Unicode not working in inf_mr()
eternal-flame-AD opened this issue · 3 comments
---
title: "Xaringan inf_mr"
output: xaringan::moon_reader
---
無限 `r system2("python", c("-c", shQuote('print("月読")')), stdout = TRUE)`
If I render through rmarkdown::render
I get the expected "無限 月読" but if I try to use inf_mr
I just get this message and a blank output:
Warning message:
In grep("<!-- DISABLE-SERVR-WEBSOCKET -->", body, fixed = TRUE) :
input string 1 is invalid in this locale
It seems like this is coming from here: 69f1279
I tried to adjust the locale settings, if I do Sys.setlocale("LC_ALL", "Ja_JP.UTF-8")
it fixes the above issue but now it doesn't decode the stdout correctly, I get: 無限 <8c><8e><93>
Some more locale gymnastics within the document probably could fix that but I think dynamic_site
shouldn't assume the body is in the system locale.
My OS locale is English display and shift-JIS codepage.
[ins] r$> sessionInfo()
R version 4.2.3 (2023-03-15 ucrt)
Platform: x86_64-w64-mingw32/x64 (64-bit)
Running under: Windows 10 x64 (build 22621)
Matrix products: default
locale:
[1] LC_COLLATE=English_United States.932 LC_CTYPE=English_United States.932 LC_MONETARY=English_United States.932 LC_NUMERIC=C LC_TIME=English_United States.932
attached base packages:
[1] stats graphics grDevices utils datasets methods base
other attached packages:
[1] xaringan_0.28.1
loaded via a namespace (and not attached):
[1] compiler_4.2.3 fastmap_1.1.1 cli_3.6.0 htmltools_0.5.4 xfun_0.37 digest_0.6.31 rlang_1.1.0
Sys.setlocale("LC_ALL", "Ja_JP.UTF-8")
may not be enough, since it is only for changing the locale for R, but not for your operating system. Have you tried to set the locale to UTF-8 system-wide? (I don't use Windows but I assume you can do it in the control panel) Ideally when you restart your system and R, sessionInfo()
should show the UTF-8 locale.
For useBytes = TRUE
, I was following an R core member's suggestion: https://blog.r-project.org/2022/10/10/improvements-in-handling-bytes-encoding/index.html
I can certainly revert 69f1279 if necessary. Thanks!

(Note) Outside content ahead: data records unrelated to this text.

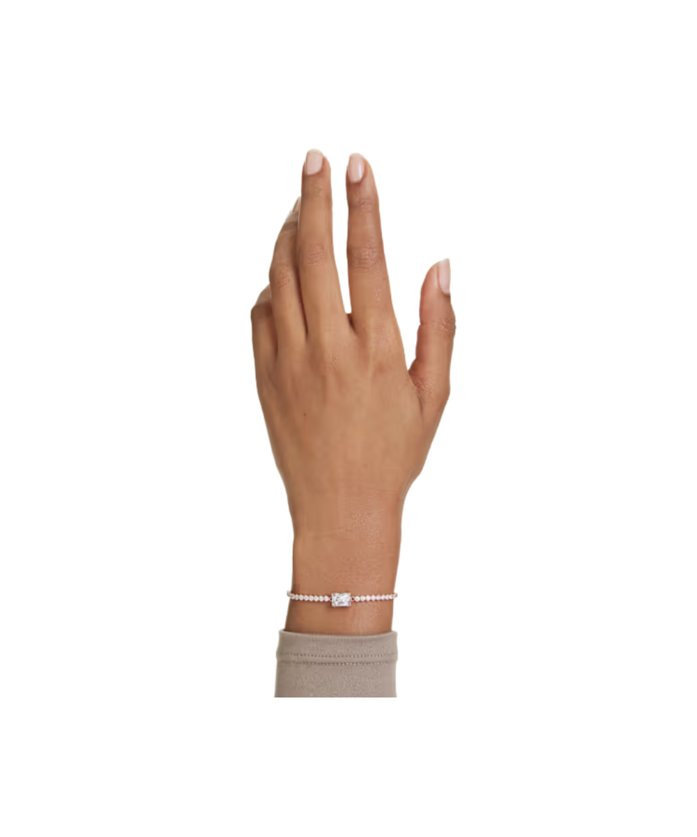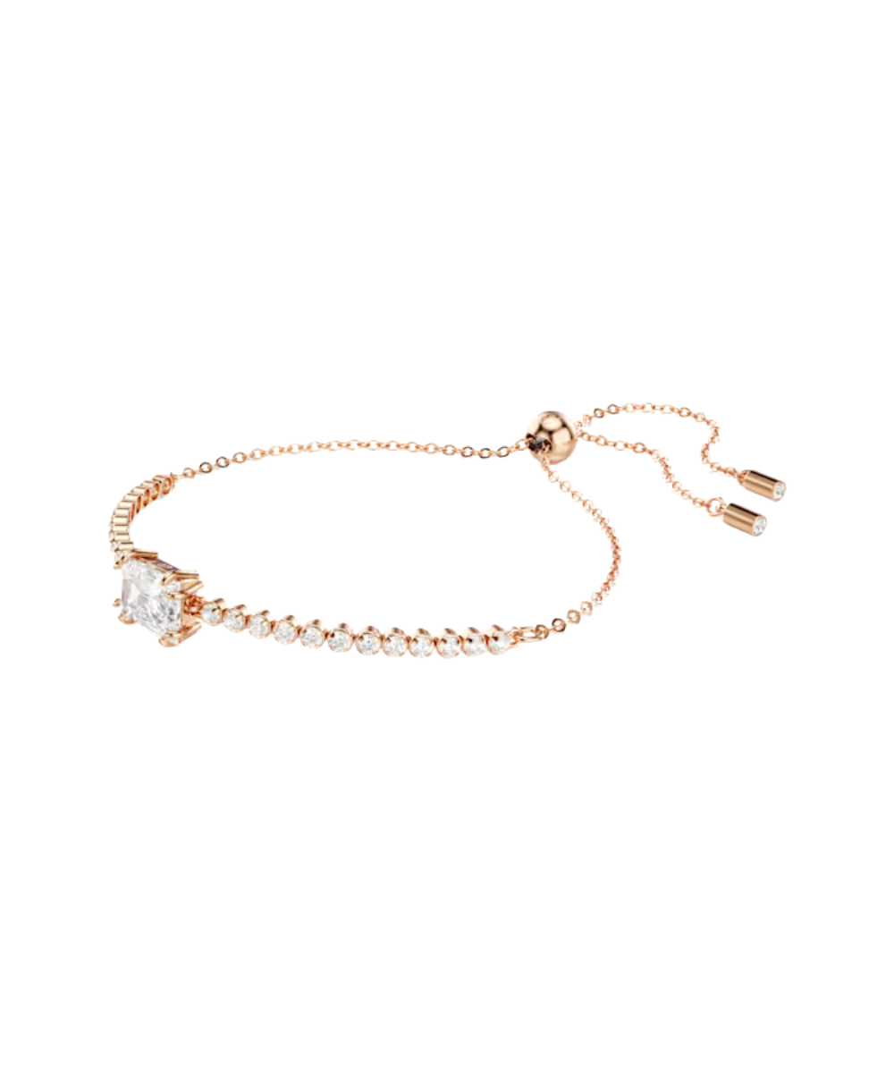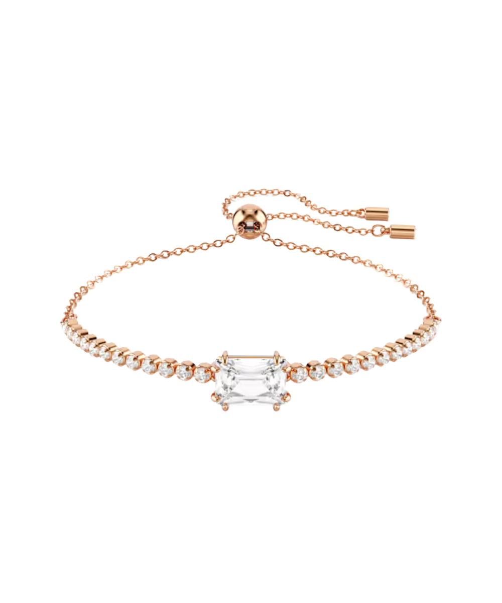 This classic Tennis bracelets adds a touch of radiance to any look. Fastened with a sliding closure for an adjustable fit, the rose gold-tone plated design features a uniform row of Swarovski Zirconia and is accented with a baguette-cut Swarovski Zirconia at its center. A vibrant twist on a timeless style that you can wear time and time again.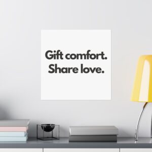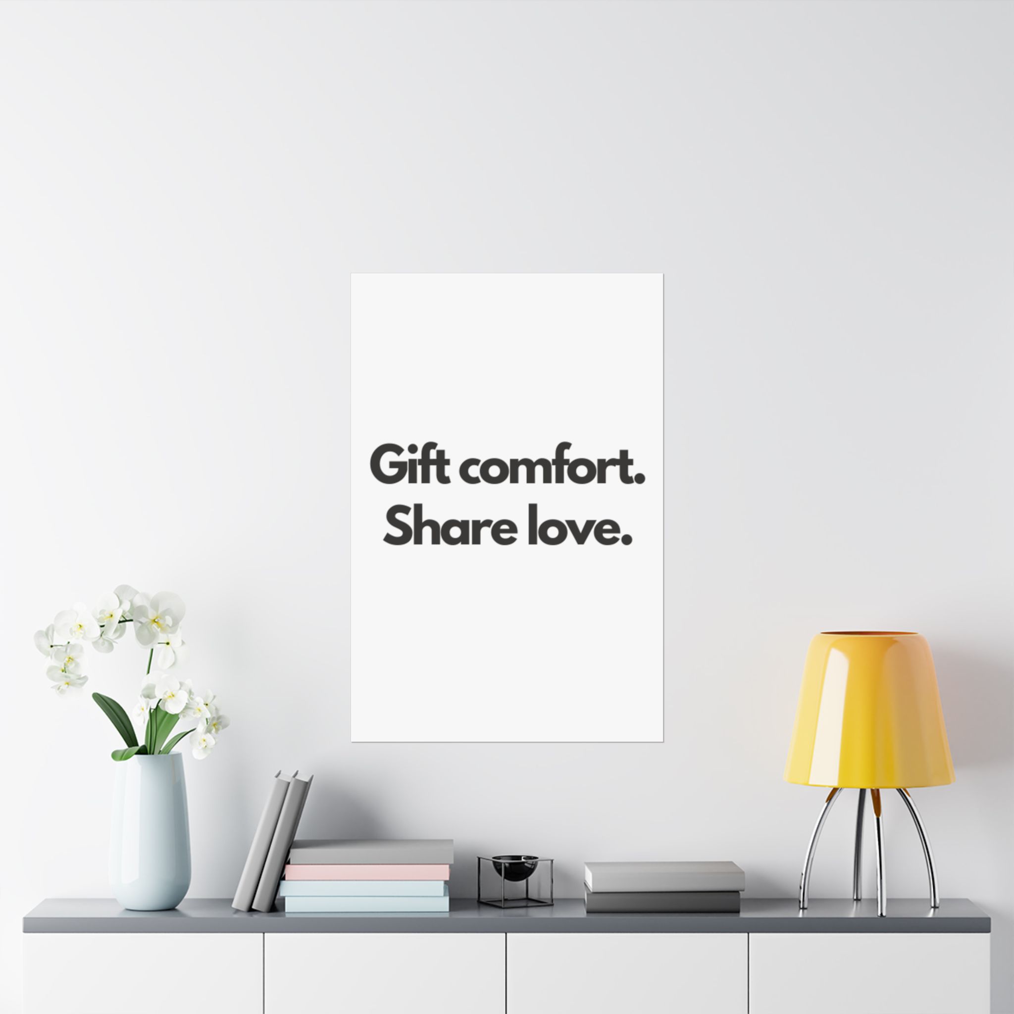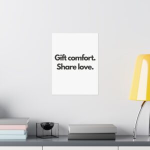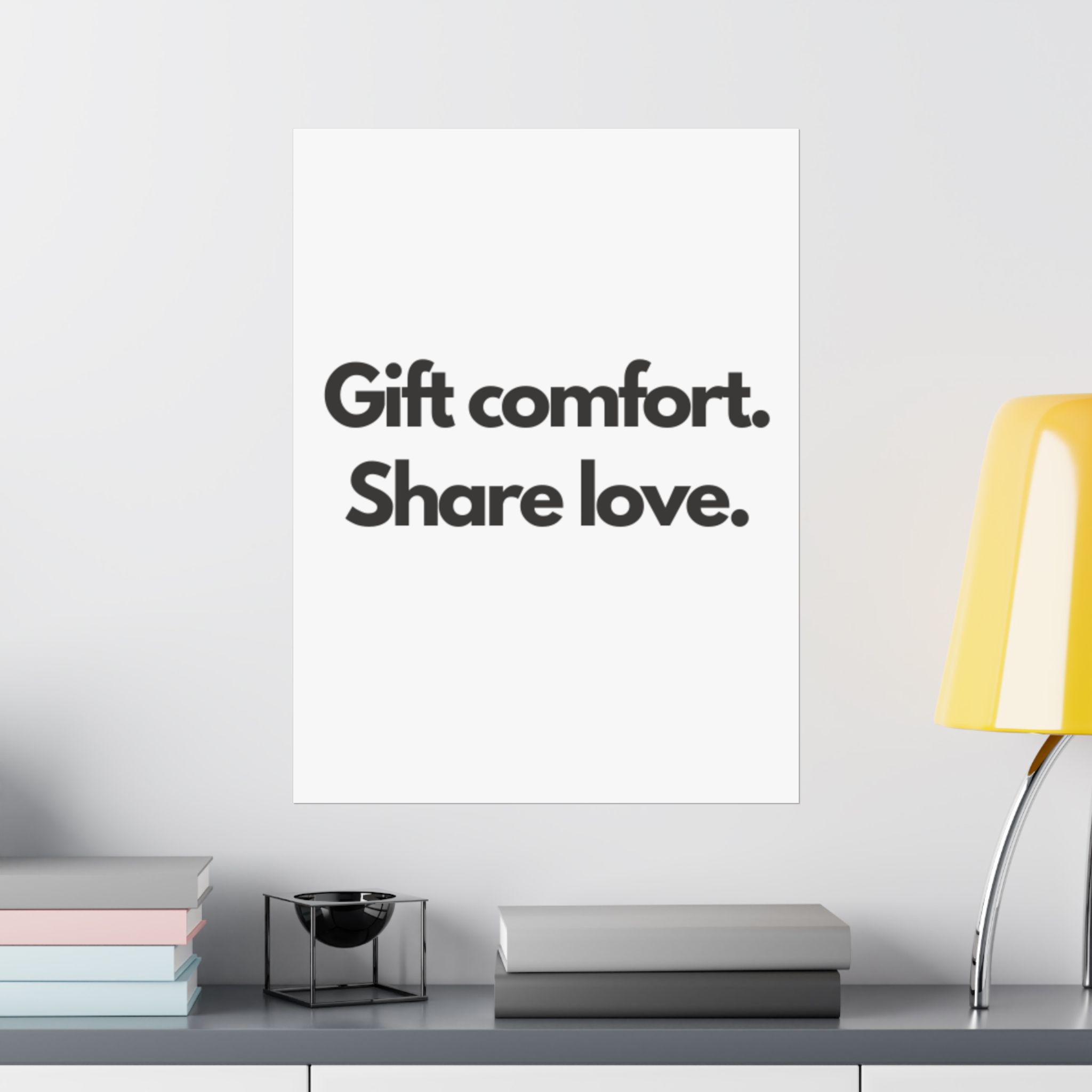 This matte vertical poster speaks with calm confidence. Clean black type on archival white paper carries the message “Gift comfort. Share love.” in a modern, rounded sans-serif—quiet but purposeful. The matte finish softens glare and gives the print a gallery feel while the giclée process keeps the deep blacks vivid over time. Hang it in a living room, foyer, or bedroom to anchor a warm, intentional corner where visitors and family are reminded to slow down and care for one another. It pairs naturally with cozy textiles and natural wood frames, and the variety of available sizes lets you place this message as a subtle wall whisper or a statement focal point. Designed for indoor spaces, made on museum-grade archival paper for lasting color fidelity.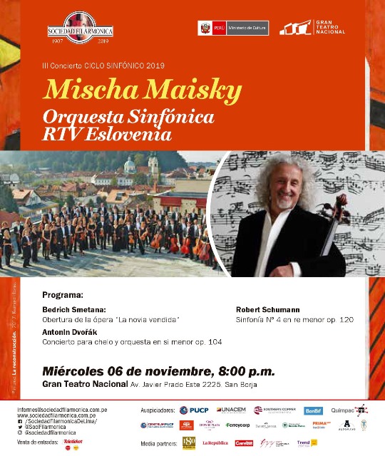 Aclamado por el público y la crítica como uno de los mejores violonchelistas del mundo, Mischa Miasky se presentará este miércoles 6 de noviembre a las 8:00 p.m. en el Gran Teatro Nacional junto a la Orquesta Sinfónica RTV de Eslovenia, en lo que será el tercer concierto del Ciclo Sinfónico 2019 de la Sociedad Filarmónica de Lima.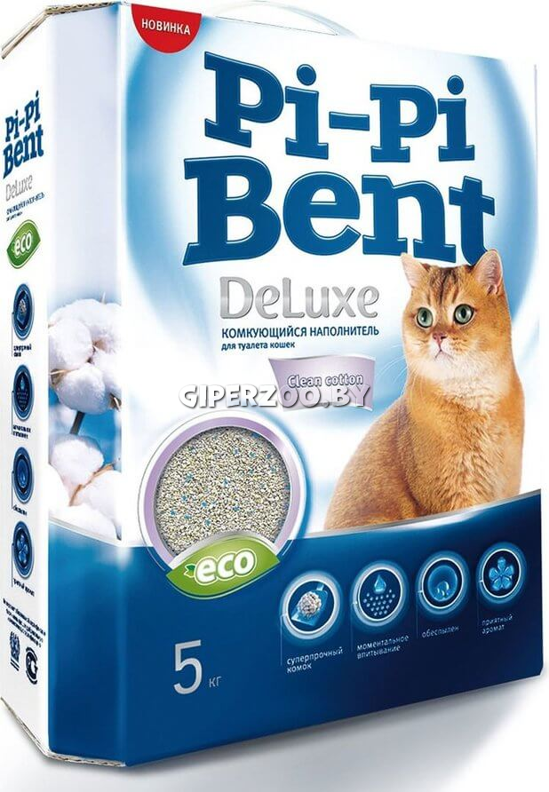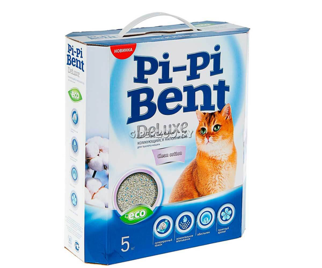 Наполнитель Pi-Pi Bent DeLuxe Clean Cotton — наполнитель, в котором используется отдушка с мягким, тонким и нежным ароматом чистого и свежего белья – ароматом чистого хлопка, который так любят кошки.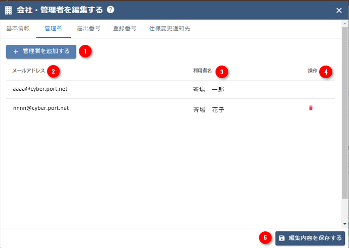 御社のサイバーポート利用者の中から、新たに管理者を追加したり、現在の管理者を削除する場合に、この画面を使用します。
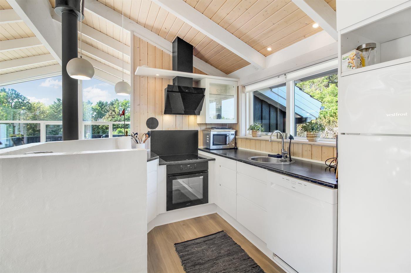 Køkkenet er udstyret med 1 køleskab. Der er 4 keramiske kogeplader, varmluftovn, mikrobølgeovn samt opvaskemaskine.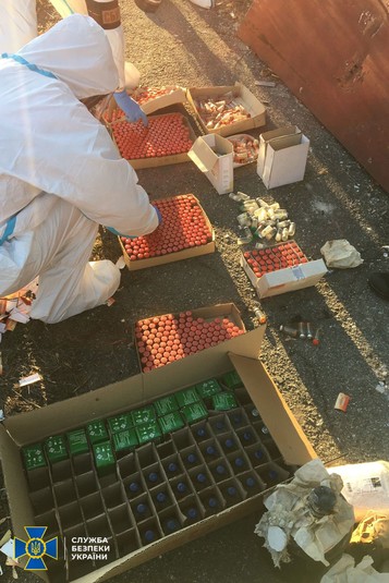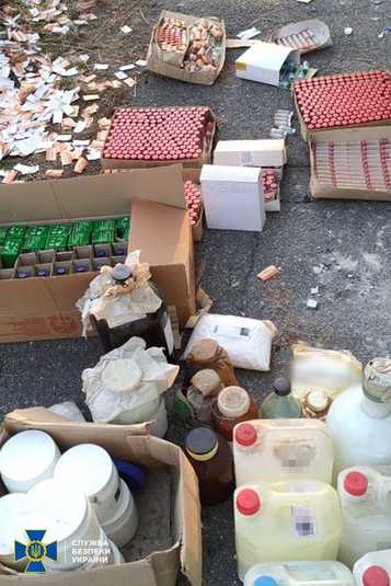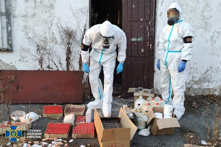 Там правоохоронці виявили велику кількість отруйних речовин високого класу небезпеки, близько 700 одиниць біологічних агентів, орієнтовно 15 літрів прекурсорів та близько 20 кг хімікатів не встановленого походження.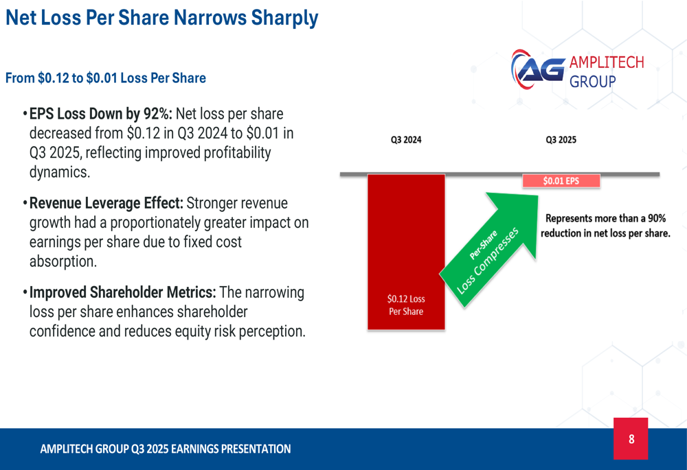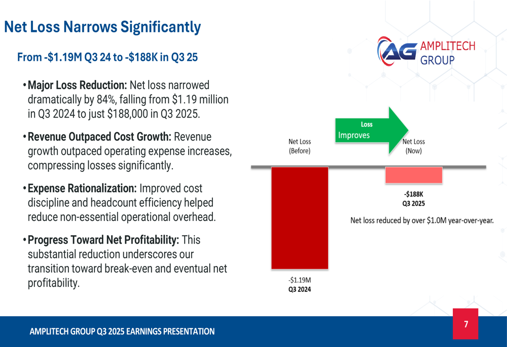 AmpliTech’s path to profitability became much clearer in Q3 2025, with net loss narrowing significantly by 84%, falling from $1.19 million in Q3 2024 to just $188,000 in Q3 2025. This improvement resulted from revenue growth outpacing operating expense increases, improved cost discipline, and headcount efficiency.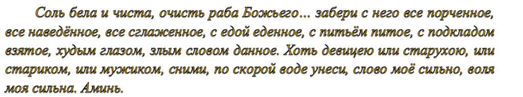 Проводять ритуал рано вранці. Насипають сіль на сковороду і нагрівають на невеликому вогні, вимовляючи слова змови: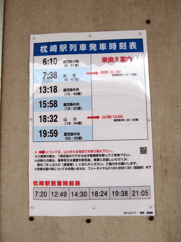 枕崎駅の時刻表。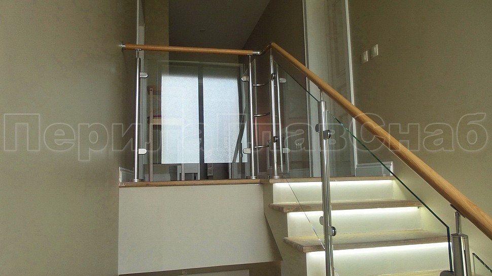 Стильное ограждение из нержавеющей стали с деревянным поручнем - оптимальное решение для частного дома. Деревянный поручень, в отличие от металлического, теплый на ощупь - за него удобно и приятно держаться. Сочетание натурального дерева и нержавеющей стали выглядит очень стильно и такое ограждение великолепно впишется в любой интерьер. В нашу компанию поступил такой заказ. Ограждения из полированной нержавеющей стали внутренние со стеклом высота 950 мм, стойки диаметром 38 мм, крепление сверху методом алмазного бурения диаметр 42 мм на глубину 70 мм, устанавливаются через две ступени в третью, на прямых участках не более 1000 мм друг от друга, наконечник стойки штырь; стекло закаленное прозрачное 8 мм, крепится на зажимные стеклодержатели; низ стойки декоративная крышка диаметр 56 мм, поручень деревянный диаметр 38 мм из дуба тонированный и лакированный, окончание поручня заглушка, уходов поручня в стену через фланец, поручень завязан нержавеющим отводом. Крепление нержавеющих элементов ограждения между собой точечная аргонно-дуговая сварка, с последующей зачисткой и полировкой.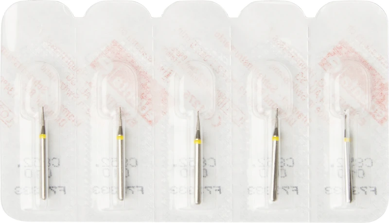 Produktinformationen "Diamanten 852 Packung 5 Stück gelb superfein, FG, Figur 164 Konus Spitze, 4mm, ISO 010"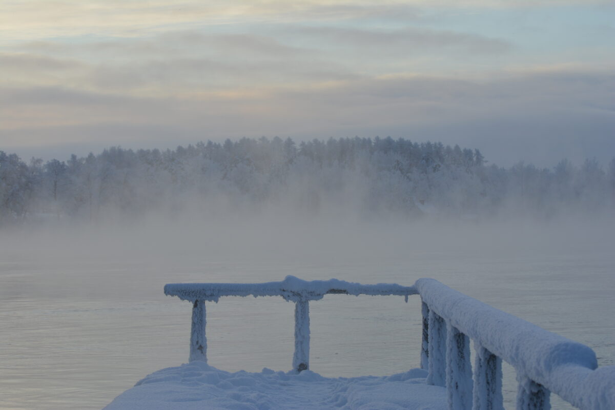 Tässä on kuva talviaamusta joen varrella.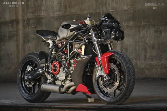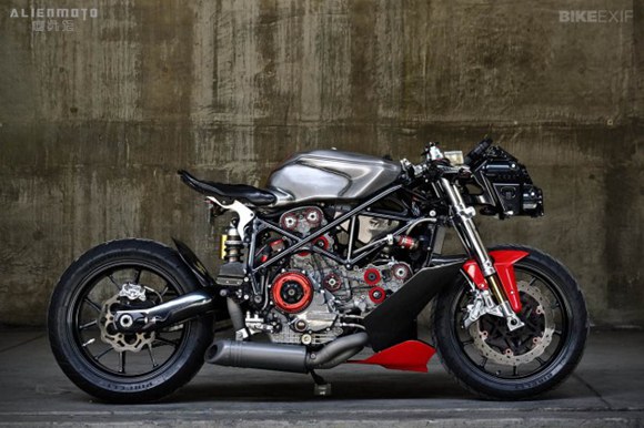 此外,引擎也已被更換為749R的那顆更輕量化也更強力大心臟,得益于競賽級別的凸輪和鈦合金的活塞的加持,這款Ducati 749已是脫胎換骨。而那些熱力驅(qū)動的皮帶輪更多地強化了車體的視覺沖擊感(外貿(mào)控當然最愛這些裝飾件,但是如此充滿機械朋克感的組件誰又不喜歡呢?)

I read the article you mentioned and I think I know where the discrepancy was coming from, the reason is because this line:
Line 184 in 673d979
This assumes body is in system locale but HTML is should be automatically UTF-8 as declared in the meta tag. I think we should change it to something like this:
if (is.raw(body)) {
body = rawToChar(body)
Encoding(body) = "UTF-8"
}
I tested this and it fixes the issue.
Great! That is also what I guessed (I should have declared the encoding explicitly). I'll commit the fix in a minute. Thanks!